The Association advocates for:  

  • establishing the principle of declaration instead of systematic justification; 
  • coordinating public funding and providing the patient with a sole contact; 
  • guaranteeing the right to support for health autonomy for people affected by serious diseases, and recognizing the initiatives, such as that of AFM-Telethon, that contribute. 

Guaranteeing rights and civil status for people with disabilities

Fact: the law of 2005 led to major progress for the rights of people with disabilities, but the fight must continue in order to entrench some of these rights

The Association advocates for:  

  • accelerating accessibility for people’s travel and housing, and more broadly, helping them achieve their life plan; 
  • ensuring access to assistants who are trained to meet the needs and adapt to the individual home life of each patient; 
  • ensuring the right to full financing without remaining copays of disability systems, such as wheelchairs or technical aids suited to their needs; 
  • ensuring the right to financial resources that ensure not just survival but a life of dignity. 

Reinstate a national rare diseases strategy

95% of rare diseases have no treatment. A national rare diseases strategy must be reinstated, with innovation for ultra-rare diseases. 

Fact: public hospitals are an essential factor in the care of millions of French people affected by rare diseases. Cancelled consultations, long wait times, bed closures: the financial resources of the national health care system are not adequate to guarantee access to care and rare disease expertise. National rare disease entities are part of an exemplary recent public health structure, but due to lack of resources they are currently struggling.
Within rare diseases, ultra-rare diseases represent a majority in terms of numbers (several thousand) but affect only a few dozen patients in France.
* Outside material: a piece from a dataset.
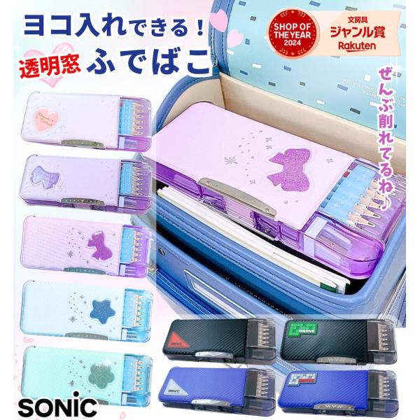 うかサポ ソニック / 筆箱 ふでばこ ウカサポ えんぴつチェック 両面筆入 Wシート補強 うっかりサポート 鉛筆削り付き 透明 小学生 小学校 ペンケース おしゃれ

While the proliferation of scientific breakthroughs, especially gene therapy, is a source of immense hope, there is no economic model for ultra-rare diseases, and the usual marketing authorization mechanisms are not suitable. 

The Association advocates for:  

  • providing the necessary resources to public hospitals and to care facilities for people affected by rare diseases; 
  • instigating a new multi-year rare diseases National plan and having a clear and cross-functional national strategy with the funding essential to its rollout; 
  • implementing neonatal screening in keeping with the expectations of families and comparable to that of our European neighbors; 
  • creating an organization/initiative involving public, private not-for-profit and private for-profit players to finance the development and production of treatments for rare diseases.